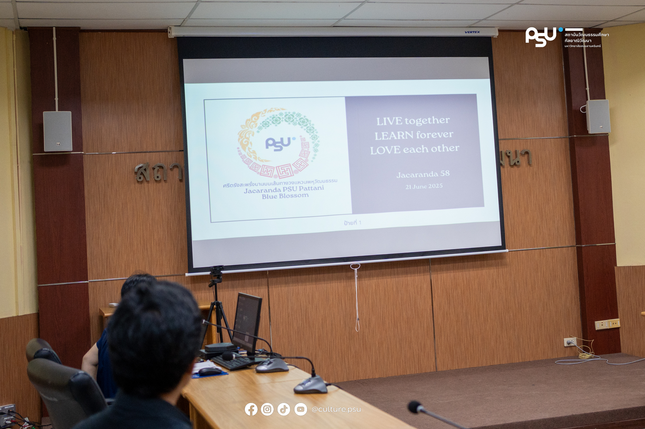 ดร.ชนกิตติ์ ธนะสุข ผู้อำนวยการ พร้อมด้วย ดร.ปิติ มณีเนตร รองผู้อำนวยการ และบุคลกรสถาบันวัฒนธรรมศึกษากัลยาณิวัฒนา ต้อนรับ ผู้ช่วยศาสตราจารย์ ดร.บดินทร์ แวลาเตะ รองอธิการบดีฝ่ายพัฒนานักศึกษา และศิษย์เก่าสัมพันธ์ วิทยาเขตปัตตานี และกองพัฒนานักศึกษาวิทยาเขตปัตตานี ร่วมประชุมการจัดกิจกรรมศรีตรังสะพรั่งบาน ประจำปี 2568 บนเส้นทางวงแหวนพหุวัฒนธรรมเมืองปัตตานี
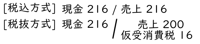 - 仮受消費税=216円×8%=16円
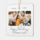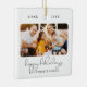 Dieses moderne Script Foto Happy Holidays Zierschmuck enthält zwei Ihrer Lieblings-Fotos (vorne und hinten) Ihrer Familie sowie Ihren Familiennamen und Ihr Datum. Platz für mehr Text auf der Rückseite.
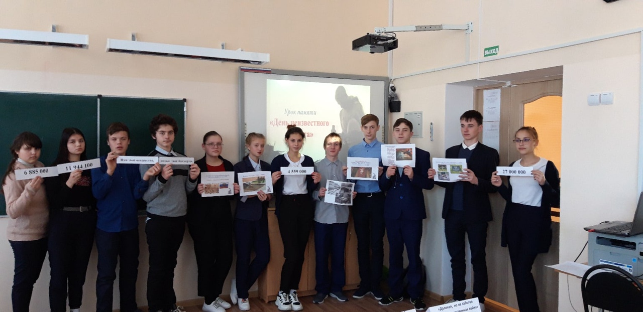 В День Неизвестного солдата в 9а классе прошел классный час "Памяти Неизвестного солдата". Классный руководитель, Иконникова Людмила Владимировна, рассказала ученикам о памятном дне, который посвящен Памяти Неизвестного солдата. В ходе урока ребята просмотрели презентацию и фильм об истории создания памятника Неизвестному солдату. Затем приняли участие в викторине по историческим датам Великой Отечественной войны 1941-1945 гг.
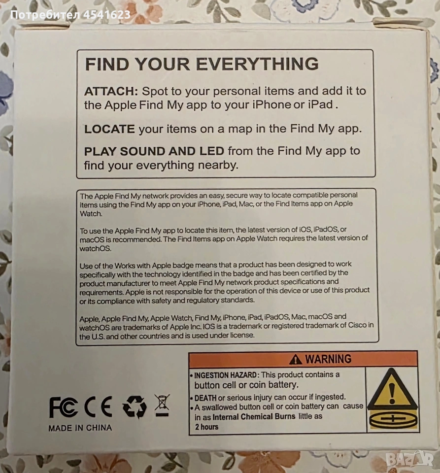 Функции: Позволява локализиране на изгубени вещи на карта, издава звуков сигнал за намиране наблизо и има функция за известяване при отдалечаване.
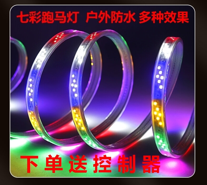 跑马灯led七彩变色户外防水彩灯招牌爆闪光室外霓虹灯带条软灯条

==

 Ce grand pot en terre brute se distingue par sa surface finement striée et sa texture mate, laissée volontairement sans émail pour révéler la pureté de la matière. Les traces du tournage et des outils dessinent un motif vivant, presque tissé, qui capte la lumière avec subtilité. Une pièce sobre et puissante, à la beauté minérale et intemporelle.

• [Goal of the exercise]
Starting at the line above that holds "Dieses moderne Script", repeat every line exactly down to and including the line that holds "В День Неизвестного", then stop. Do not carry over any pictures.

• [The completed task]
 Dieses moderne Script Foto Happy Holidays Zierschmuck enthält zwei Ihrer Lieblings-Fotos (vorne und hinten) Ihrer Familie sowie Ihren Familiennamen und Ihr Datum. Platz für mehr Text auf der Rückseite.
 В День Неизвестного солдата в 9а классе прошел классный час "Памяти Неизвестного солдата". Классный руководитель, Иконникова Людмила Владимировна, рассказала ученикам о памятном дне, который посвящен Памяти Неизвестного солдата. В ходе урока ребята просмотрели презентацию и фильм об истории создания памятника Неизвестному солдату. Затем приняли участие в викторине по историческим датам Великой Отечественной войны 1941-1945 гг.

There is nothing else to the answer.